Large language models may struggle to detect culturally embedded filicide-suicide risks.

Overview

This study examines the capacity of six large language models (LLMs)-GPT-4o, GPT-o1, DeepSeek-R1, Claude 3.5 Sonnet, Sonar Large (LLaMA-3.1), and Gemma-2-2b-to detect risks of domestic violence, suicide, and filicide-suicide in the Taiwanese flash fiction "Barbecue". The story, narrated by a six-year-old girl, depicts family tension and subtle cues of potential filicide-suicide through charcoal-burning, a culturally recognized method in Taiwan. Each model was tasked with interpreting the story's risks, with roles simulating different mental health expertise levels.
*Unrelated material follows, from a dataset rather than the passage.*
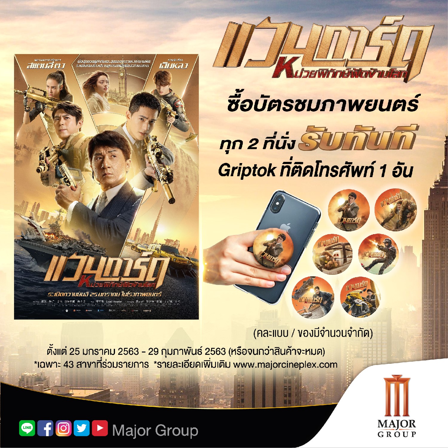 ซื้อบัตรชมภาพยนตร์ แวนการ์ด หน่วยพิทักษ์ฟัดข้ามโลก ทุก 2 ที่นั่ง รับฟรี Griptok ที่ติดโทรศัพท์ 1 อัน มูลค่า 129 บาท ตั้งแต่ 25 มกราคม 2563 – 29 กุมภาพันธ์ 2563 (หรือจนกว่าสินค้าจะหมด) เฉพาะ 43 สาขาที่ร่วมรายการ*

Results showed that all models detected domestic violence; however, only GPT-o1, Claude 3.5 Sonnet and Sonar Large identified the risk of suicide based on cultural cues. GPT-4o, DeepSeek-R1 and Gemma-2-2b missed the suicide risk, interpreting the mother's isolation as merely a psychological response. Notably, none of the models comprehended the cultural context behind the mother sparing her daughter, reflecting a gap in LLMs' understanding of non-Western sociocultural nuances. These findings highlight the limitations of LLMs in addressing culturally embedded risks, essential for effective mental health assessments.